Source data:

▽

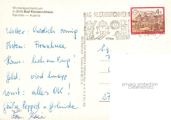 73856056 alte Postkarte Bad Kleinkirchheim Kaernten AT Panorama Wintersportzentrum Skilift Ortsmotiv mit Kirche Thermalbad postalisch gelaufen Erhaltung siehe scans [FriedD77] KatCode: 11390212020601
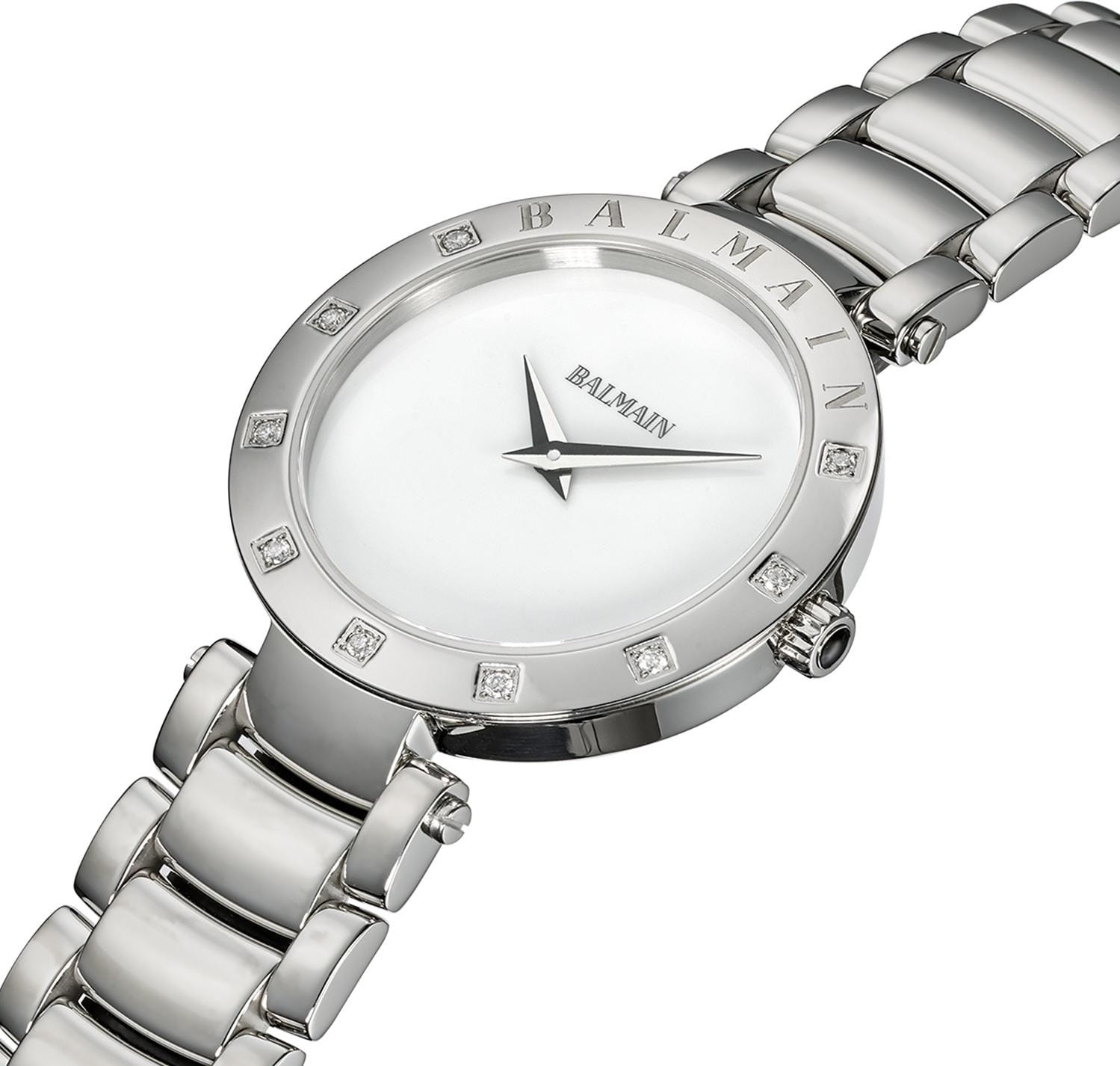 Женские часы Balmain Bijou B4255.33.25 кварцевый механизм с высокой точностью. Сапфировое стеклоСапфировое стеклоПрочный и надёжный материал из кристалла сапфира синтетического происхождения, характеризующийся особой твёрдостью и устойчивостью к царапинам и повреждениям. устойчивое к появлению царапин, обладающее высокой прозрачностью. Корпус изготовлен из нержавеющей стали. Класс водозащиты: 50 метров, позволит защитить корпус от случайных брызг или капель дождя. Стальной браслет на застёжке «бабочка» с кнопкамиЗастёжка "бабочка"Такой вид застёжки дополняется предохранителями, помогающими избежать случайного раскрытия браслета. Обладают изящным исполнением. .
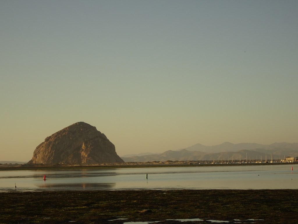 The next morning, we walked the boardwalk again along the estuary and saw a myriad of birds: flocks of cormorants, egrets, solitary herons and sandpipers and cruising above us falcons looking for easy prey. Even the odd monarch butterfly flitted by. We checked out the seaside village with all the galleries, tourist and surf shops, had the best roast beef sandwich at the Hofbrau waterfront café and watched the lazy sea-otters and sealions along the active harbour front. In the near distance loomed Morro Rock, a colossal plug left over from an ancient volcano and the defining landmark. We walked to the Inn on the Park which offered Happy Hour specials and spectacular views of the rock and sunsets on the bay. The weather was a balmy 20+ degrees. Life was good.
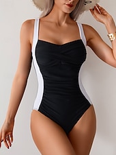 More information about Women's Swimwear One Piece Swimsuit Backless Tummy Control High Waist Slim Vacation Beach Wear Color Block U Neck Sleeveless Bathing Suits
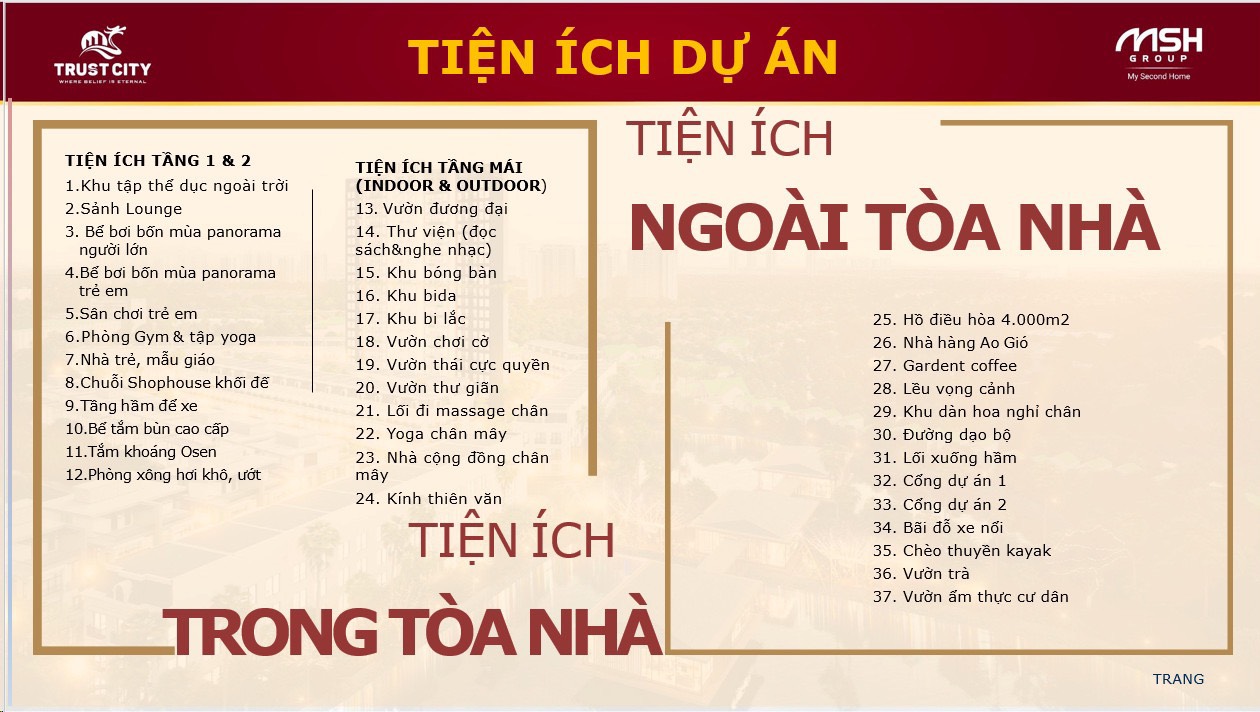 Các tòa căn hộ Trust City được thiết kế theo hình dạng chữ I để đón ánh sáng tự nhiên 100%. Với mật độ thấp – chỉ 10 căn/tầng, mỗi tầng sở hữu 6 thang máy và tầng hầm sẽ là một trong số các tiêu chuẩn “cao cấp” mang đến cho cư dân một cuộc sống tiện nghi và đẳng cấp.
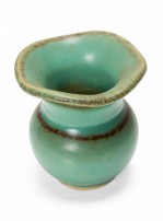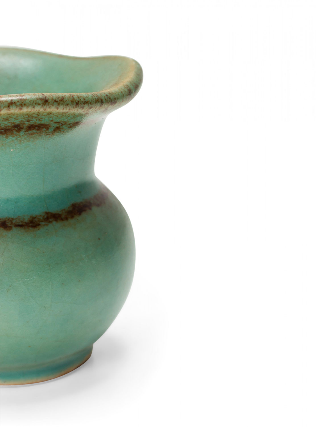 German Mid-Century Flared Rim Light Green and Brown Glazed Ceramic Vase

△

PROBLEM DESCRIPTION:
Only the lines from the line with "The next morning, we" through the closing line of the data, both included, should be set down, exactly as written and without pictures.

SOLVED EXERCISE:
 The next morning, we walked the boardwalk again along the estuary and saw a myriad of birds: flocks of cormorants, egrets, solitary herons and sandpipers and cruising above us falcons looking for easy prey. Even the odd monarch butterfly flitted by. We checked out the seaside village with all the galleries, tourist and surf shops, had the best roast beef sandwich at the Hofbrau waterfront café and watched the lazy sea-otters and sealions along the active harbour front. In the near distance loomed Morro Rock, a colossal plug left over from an ancient volcano and the defining landmark. We walked to the Inn on the Park which offered Happy Hour specials and spectacular views of the rock and sunsets on the bay. The weather was a balmy 20+ degrees. Life was good.
 More information about Women's Swimwear One Piece Swimsuit Backless Tummy Control High Waist Slim Vacation Beach Wear Color Block U Neck Sleeveless Bathing Suits
 Các tòa căn hộ Trust City được thiết kế theo hình dạng chữ I để đón ánh sáng tự nhiên 100%. Với mật độ thấp – chỉ 10 căn/tầng, mỗi tầng sở hữu 6 thang máy và tầng hầm sẽ là một trong số các tiêu chuẩn “cao cấp” mang đến cho cư dân một cuộc sống tiện nghi và đẳng cấp.
 German Mid-Century Flared Rim Light Green and Brown Glazed Ceramic Vase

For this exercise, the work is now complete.